AktionDK is a voluntary organization that specializes in events of different kinds. These are both cultural events and events for the less fortunate in the society. Each year the government budgets millions which are planned to be used for cultural campaigns and events. These events are to be targeted to people of all nationalities and cultural backgrounds. To avoid any corruption the government is obligated by law to give any company a chance of getting a slice of the capital that is budgeted to manage the different events. AktionDK’s only source of capital is the public budget provided by the Danish government. All the employees in the organization are volunteers. The three founders consist of graduate students from different backgrounds, cultures and with different competencies. Combined there competencies include business law, communications, economics and service management. Regardless of their solid educational backgrounds they lack real business experience.
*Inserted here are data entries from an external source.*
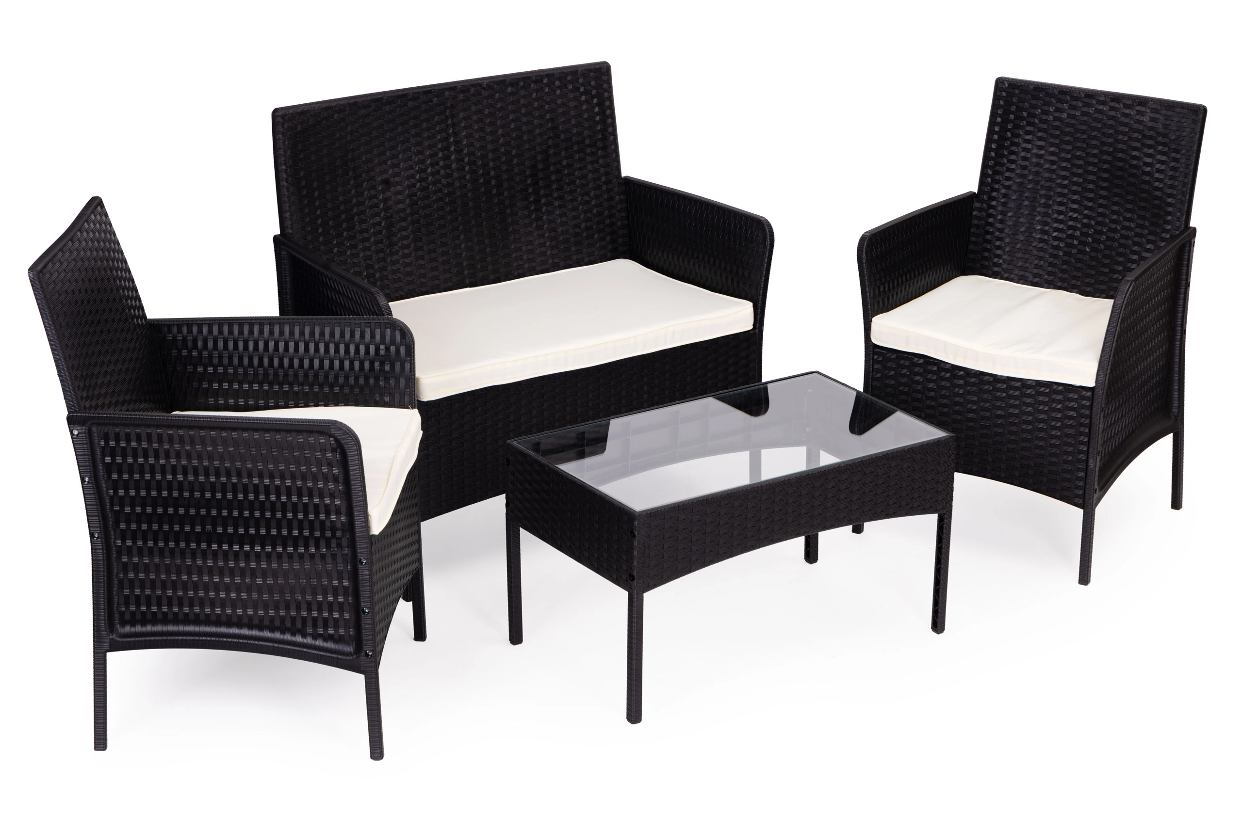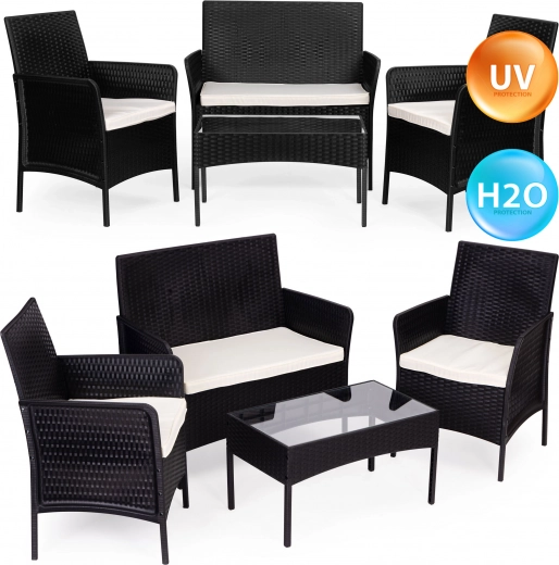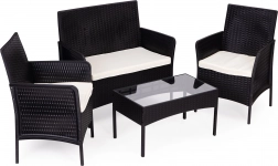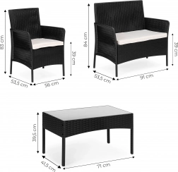 Užijte si pohodlí se stylovou sadou zahradního nábytku pro 4 osoby od MultiGarden. Tato sada je ideální pro zahradu nebo terasu a obsahuje dvě křesla, lavici a stůl s temperovaným sklem. Díky svému odolnému provedení je nábytek voděodolný a odolný vůči povětrnostním vlivům.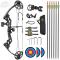 Ce kit d'arc récréatif de Topoint comprenant un arc à poulies pour les jeunes, un viseur à 3 broches, un repose flèches-capture , une visette de corde, un carquois de flèches, un protège-bras, des blasons de cible, six flèches et des clés hexagonales.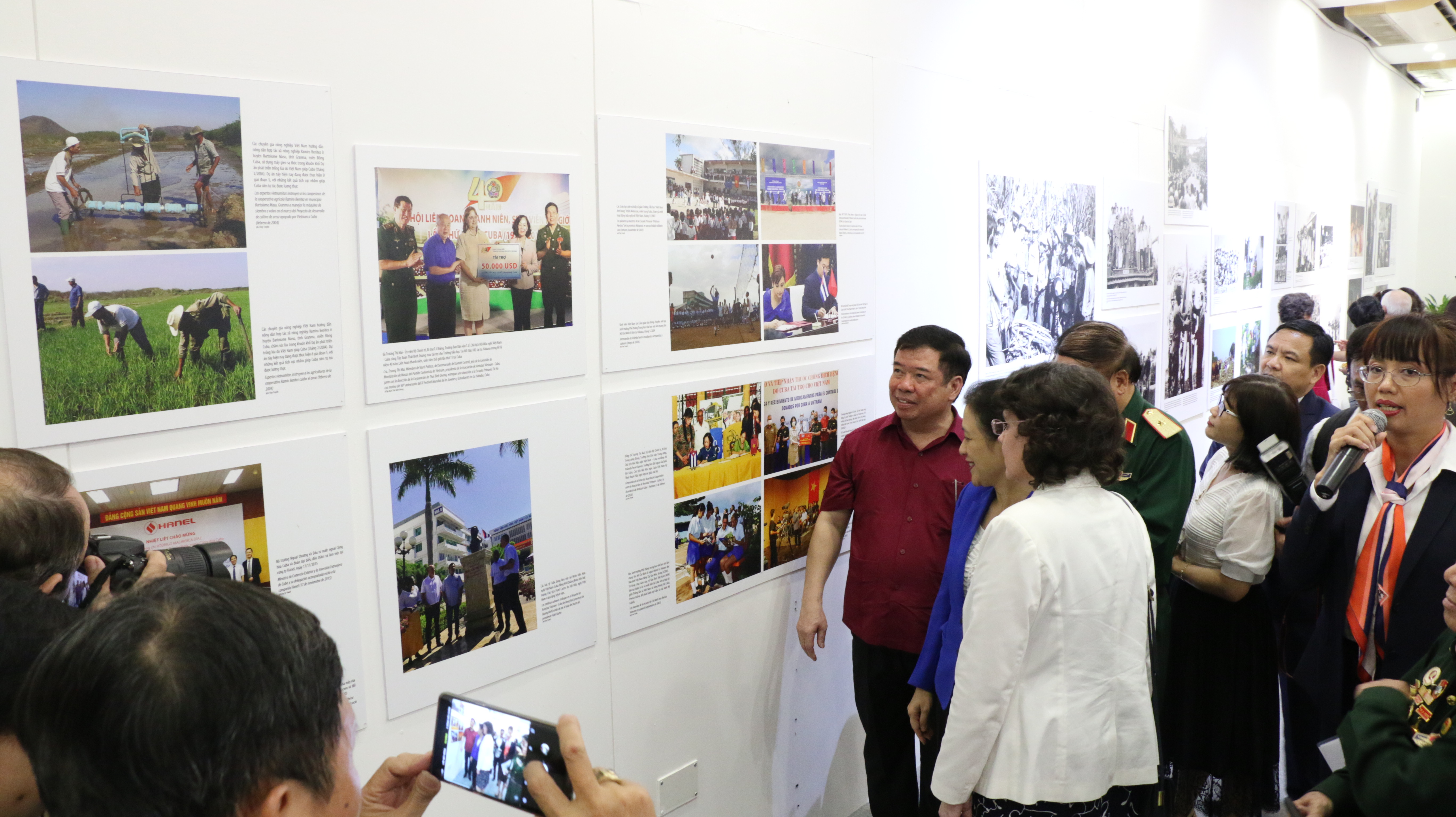 Bức ảnh Bà Trương Thị Mai - Ủy viên Bộ Chính trị, Bí thư T.Ư Đảng, Trưởng Ban Dân vận T.Ư, Chủ tịch Hội Hữu nghị Việt Nam - Cuba cùng Tập đoàn Thái Bình Dương trao tài trợ cho Trường tiểu học Tio Hồ tại La Habana trong lễ Kỷ niệm 40 năm Liên hoan thanh niên, sinh viên thế giới lần thứ 11 tại Cuba được trưng bày tại triển lãm.

Problem statement

Due to the global crisis it has been hard to find any jobs, and thereby hard for students to get the working experience needed to strengthen their profile when entering the corporate world. This has forced the graduate students to get the experience in other ways. One way is to get the experience trough voluntary work (karrieredroem.dk). There has been an increase of students in the voluntary sector the last couple of years due to the problem stated earlier (Rapport: Den frivillige sektor i Danmark). But it is a huge step to go from working a couple of days a month in a nonprofit organization and opening one yourself for the same reasons. This step have the three graduate students in our case taken, we find it interesting to analyze what motivated them to do so and how to increase the self-motivation. What motivated the three graduate students to establish the nonprofit organization AktionDK? Methodology

Inductive and deductive approach
The Interview with one of the representatives of the organization is processed with an inductive approach. It is an approach which is based on empirical data gathered for this particular case (Andersen, 2006, p 51). The inductive approach can be past experience or as in this case, experience gained from the interview we conducted. The rest of the analysis is deductively oriented, using theories which form the basis for explanations and predictions. It is a method where the project is presented to the theory that provides an increased understanding of the different motivational factors. Quantitative and qualitative data

A project can consist of quantitative and/or qualitative data. Quantitative data can be experienced in figures, quantity, and size, whereas the qualitative data collection is data, which is hard to measure in figures and therefore must be interpreted (Rien Ecker & Jørgensen 2010, s . 293-294). This synopsis will make use of the qualitative data collection in the form of selected articles and other relevant literature, and the interview. Primary and secondary data

It should be made ​​clear whether a synopsis is built on primary and/or secondary data. Whether empirical evidence is primary or secondary depends on whether the data is collected for a specific goal, in this example, to answer the hypothesis, or whether it is data that already exists. This synopsis will use both types of data. The primary data will be in the form of the interview with Sofie Bohm. The secondary data is the literature that will substantiate our research. Interview

Due to the lack of literature about the company, the interview will give us the needed data to be able to answer the research question in a satisfying way. The interviews will be based on the structure Ib Andersen calls a “semi-structured interview”. Such interviews are characterized by the fact that the interviewer typically prepares an interview guide rather than having prepared all the questions (Andersen, 2006, p 168). The interviewer will have some information on the particular subject, but will be receptive to new information and perspectives. There is a checklist to be followed, but it is very much the interviewee that controls the direction of the interview. Based on the notes taken by the interviewer, the interview will be documented (Andersen, 2006, p 168). Theories

We have chosen to work with two theories in this synopsis. These two are Maslow’s hierarchy of needs and the self determination theory. We have considered them to be the most relevant for our particular case. Below is a theoretical description of the two theories: Maslow’s hierarchy of needs

Among ordinary people Maslow’s hierarchy of needs, perhaps, is one of the best-known psychological theories. Even though it is a general psychological theory it can also be applied to assess people at work (Motivation and Work Behavior, 6). The above makes the theory attractive in our eyes, since in the company AktionDK case we want to find out not only overall motivation behind people’s moves, but also connect it with the work environment. In his theory Maslow argues that people’s behavior is driven by needs. According to Maslow, needs have an effect on a person’s activities as long as they remain unsatisfied. Moreover, Maslow arranged needs in a hierarchical manner from basic ones to the most advanced. “Lower-level needs must be satisfied before higher-level needs are activated sufficiently to drive behavior, further, only unsatisfied needs can influence behavior; those that are satisfied do not motivate” (Motivation and Work Behavior, page 6).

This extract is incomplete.